Interbeat intervals of two clusters after their connection and subsequent separation
The above results show that the IBIs of clusters were within the IBIs of spontaneously beating constituent single cells and were also longer than that of the fastest-beating constituent cardiomyocyte. If isolated cardiomyocytes are connected, under the rule of “overdrive suppression,” the IBIs of the clusters should follow that of the fastest-beating constituent cardiomyocyte. However, the IBIs of the clusters were near the mean value of the single cardiomyocytes. These single cells-to-cluster results suggest the possibility that the cluster-to-cluster connection also does not match what would be expected under “overdrive suppression,” but that a synchronized IBI that is the mean of those of two clusters develops after their contact.
To confirm this possibility, we connected two spontaneously beating clusters and compared their beating synchronization behavior between before and after their connection. Two hES cardiomyocyte clusters were formed from 1.0 mL of \(1.0\times 10^{5}\hbox { cells/mL}\) for the large cluster, and 1.0 mL of \(1.0\times 10^{4}\hbox { cells/mL}\) for the small cluster, on the agarose concave structure in a 24-well plate. Figure 6a,b shows micrographs of the large and small clusters before their connection. After 7 days of cultivation, we recorded their IBIs as the “before contact” data. Then, using a micropipette, we manipulated the small cluster to move it adjacent to the large cluster to induce contact between these two clusters on the culture dish (Fig. 6c). After 3 days of cultivation after their contact, we recorded the synchronized IBIs of these two contacting clusters. Finally, we separated these two clusters using ophthalmic scissors and recorded the IBIs of these two clusters as the “after separation” data (Fig. 6d,e).

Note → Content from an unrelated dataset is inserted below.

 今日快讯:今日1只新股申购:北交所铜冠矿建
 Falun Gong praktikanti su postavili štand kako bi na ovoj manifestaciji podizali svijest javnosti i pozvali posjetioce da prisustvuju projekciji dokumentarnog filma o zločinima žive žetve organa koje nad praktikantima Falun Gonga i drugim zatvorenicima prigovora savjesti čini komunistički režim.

Figure 6f shows the distribution of IBIs and the CV of IBIs in two clusters under these three conditions: before contact, during contact, and after separation. The blue bars and green bars show the mean IBIs of the large and small clusters, respectively. The uncertainties are given by the SDs (error bars in Fig. 6f). Before contact of the two clusters, the mean IBIs and SDs of the large cluster and small cluster were 1.97 ± 0.0926 s and \(1.21 \pm 0.312\) s, respectively (Fig. 6f (before contact)). After connection of the two clusters, they were synchronized to the same mean IBI and SD, 2.49 ± 0.379 s, which was 1.5 times longer than the IBI of the large cluster and was also more than twice as long as the IBI of the small cluster [Fig. 6f (during contact)]. After separation of the two clusters, the mean IBIs and SDs of the large cluster and the small cluster were recovered to shorter IBIs with smaller SDs, \(2.05 \pm 0.0955\) s and \(1.59 \pm 0.110\) s, respectively (Fig. 6f (after separation)).

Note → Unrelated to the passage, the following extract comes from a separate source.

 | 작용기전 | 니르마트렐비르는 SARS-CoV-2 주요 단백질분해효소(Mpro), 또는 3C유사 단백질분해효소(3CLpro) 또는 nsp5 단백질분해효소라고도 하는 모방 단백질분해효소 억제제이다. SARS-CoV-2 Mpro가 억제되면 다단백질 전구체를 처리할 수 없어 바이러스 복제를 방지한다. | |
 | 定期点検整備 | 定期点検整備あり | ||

The results showed that the synchronized IBIs of the two connected clusters also contradicted the faster firing regulation or “overdrive suppression.” Moreover, they were not intermediate between the IBIs of the large cluster and the small cluster. This means that the emergence of slower synchronized beating from faster-beating elements was observed. This phenomenon cannot be explained by “overdrive suppression” or by the conventional oscillation models, even though the fluctuation–dissipation theorem is considered in the oscillation synchronization phenomenon.

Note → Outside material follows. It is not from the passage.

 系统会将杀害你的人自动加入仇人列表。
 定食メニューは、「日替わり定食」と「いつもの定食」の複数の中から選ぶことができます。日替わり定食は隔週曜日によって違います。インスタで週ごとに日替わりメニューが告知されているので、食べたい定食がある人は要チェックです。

Two characteristic phenomena were observed in this synchronization of two clusters. One is that the fluctuation of the synchronized IBI distribution of the connected two clusters increased compared with that of the isolated clusters. This contrasts with the conventional understanding of the phenomenon of cardiomyocyte network synchronization. In our previous reports16,17,20, an increase in the number of connected cardiomyocytes contributed to decrease the fluctuation of IBI and increase its stability. However, upon cluster-to-cluster connection, this contribution of the number of connected cardiomyocytes to increased stabilization was not observed, which indicates that the “number increases stabilization” rule does not always dominate the synchronization of spontaneously beating cardiomyocytes. The other characteristic phenomenon is that the two synchronized clusters recovered to shorter IBIs in both of the two isolated clusters after their separation. The CV of IBIs of two isolated clusters was also decreased compared with that under the conditions of synchronized beating. These characteristics might explain that the synchronized slower beating of two clusters was not formed by harmonic oscillation synchronization but by the competitive suppression between two clusters.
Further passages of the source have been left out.